**** Input for this task
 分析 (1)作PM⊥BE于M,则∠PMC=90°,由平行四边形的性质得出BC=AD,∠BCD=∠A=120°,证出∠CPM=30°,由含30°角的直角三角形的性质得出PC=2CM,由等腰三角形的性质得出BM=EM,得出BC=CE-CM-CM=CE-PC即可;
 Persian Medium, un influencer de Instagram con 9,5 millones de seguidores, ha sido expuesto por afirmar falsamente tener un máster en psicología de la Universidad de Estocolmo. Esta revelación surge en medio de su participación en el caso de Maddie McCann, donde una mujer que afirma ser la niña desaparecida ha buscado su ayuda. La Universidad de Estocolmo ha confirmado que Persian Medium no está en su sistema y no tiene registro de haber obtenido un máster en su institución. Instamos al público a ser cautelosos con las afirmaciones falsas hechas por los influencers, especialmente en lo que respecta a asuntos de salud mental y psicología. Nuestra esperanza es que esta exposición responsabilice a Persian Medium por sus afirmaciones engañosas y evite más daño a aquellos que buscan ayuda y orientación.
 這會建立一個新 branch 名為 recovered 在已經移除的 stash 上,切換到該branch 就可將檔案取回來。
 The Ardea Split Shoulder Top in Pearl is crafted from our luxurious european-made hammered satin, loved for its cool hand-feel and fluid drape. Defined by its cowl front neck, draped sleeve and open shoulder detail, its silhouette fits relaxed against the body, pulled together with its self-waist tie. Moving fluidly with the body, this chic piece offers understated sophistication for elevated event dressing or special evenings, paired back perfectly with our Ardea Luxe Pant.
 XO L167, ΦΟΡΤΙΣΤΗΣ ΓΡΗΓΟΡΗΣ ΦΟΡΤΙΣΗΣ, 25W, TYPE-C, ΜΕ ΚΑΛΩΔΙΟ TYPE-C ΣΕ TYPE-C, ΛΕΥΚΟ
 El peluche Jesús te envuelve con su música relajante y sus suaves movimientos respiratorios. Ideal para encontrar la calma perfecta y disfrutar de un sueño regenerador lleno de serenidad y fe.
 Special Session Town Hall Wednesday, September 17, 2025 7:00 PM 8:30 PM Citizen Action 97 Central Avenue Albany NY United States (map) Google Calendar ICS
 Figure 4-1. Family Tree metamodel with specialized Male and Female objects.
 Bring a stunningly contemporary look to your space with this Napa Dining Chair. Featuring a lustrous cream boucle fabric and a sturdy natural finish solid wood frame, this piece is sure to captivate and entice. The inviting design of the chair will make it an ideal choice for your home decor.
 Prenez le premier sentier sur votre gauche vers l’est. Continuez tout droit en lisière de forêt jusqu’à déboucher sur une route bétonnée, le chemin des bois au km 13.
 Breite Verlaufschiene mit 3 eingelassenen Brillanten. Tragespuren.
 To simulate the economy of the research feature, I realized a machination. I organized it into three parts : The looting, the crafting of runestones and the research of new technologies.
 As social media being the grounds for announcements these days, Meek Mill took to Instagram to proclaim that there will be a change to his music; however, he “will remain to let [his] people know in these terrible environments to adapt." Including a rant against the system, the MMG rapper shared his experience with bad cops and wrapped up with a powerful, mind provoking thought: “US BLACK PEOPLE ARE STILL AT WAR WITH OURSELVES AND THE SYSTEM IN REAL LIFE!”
********
§ **Exercise prompt**: Find the line with "Special Session Town" in the entries above. Retype it and each line after it, exactly, through the line with "Bring a stunningly", and stop there.

§ **Solution to the exercise**:
 Special Session Town Hall Wednesday, September 17, 2025 7:00 PM 8:30 PM Citizen Action 97 Central Avenue Albany NY United States (map) Google Calendar ICS
 Figure 4-1. Family Tree metamodel with specialized Male and Female objects.
 Bring a stunningly contemporary look to your space with this Napa Dining Chair. Featuring a lustrous cream boucle fabric and a sturdy natural finish solid wood frame, this piece is sure to captivate and entice. The inviting design of the chair will make it an ideal choice for your home decor.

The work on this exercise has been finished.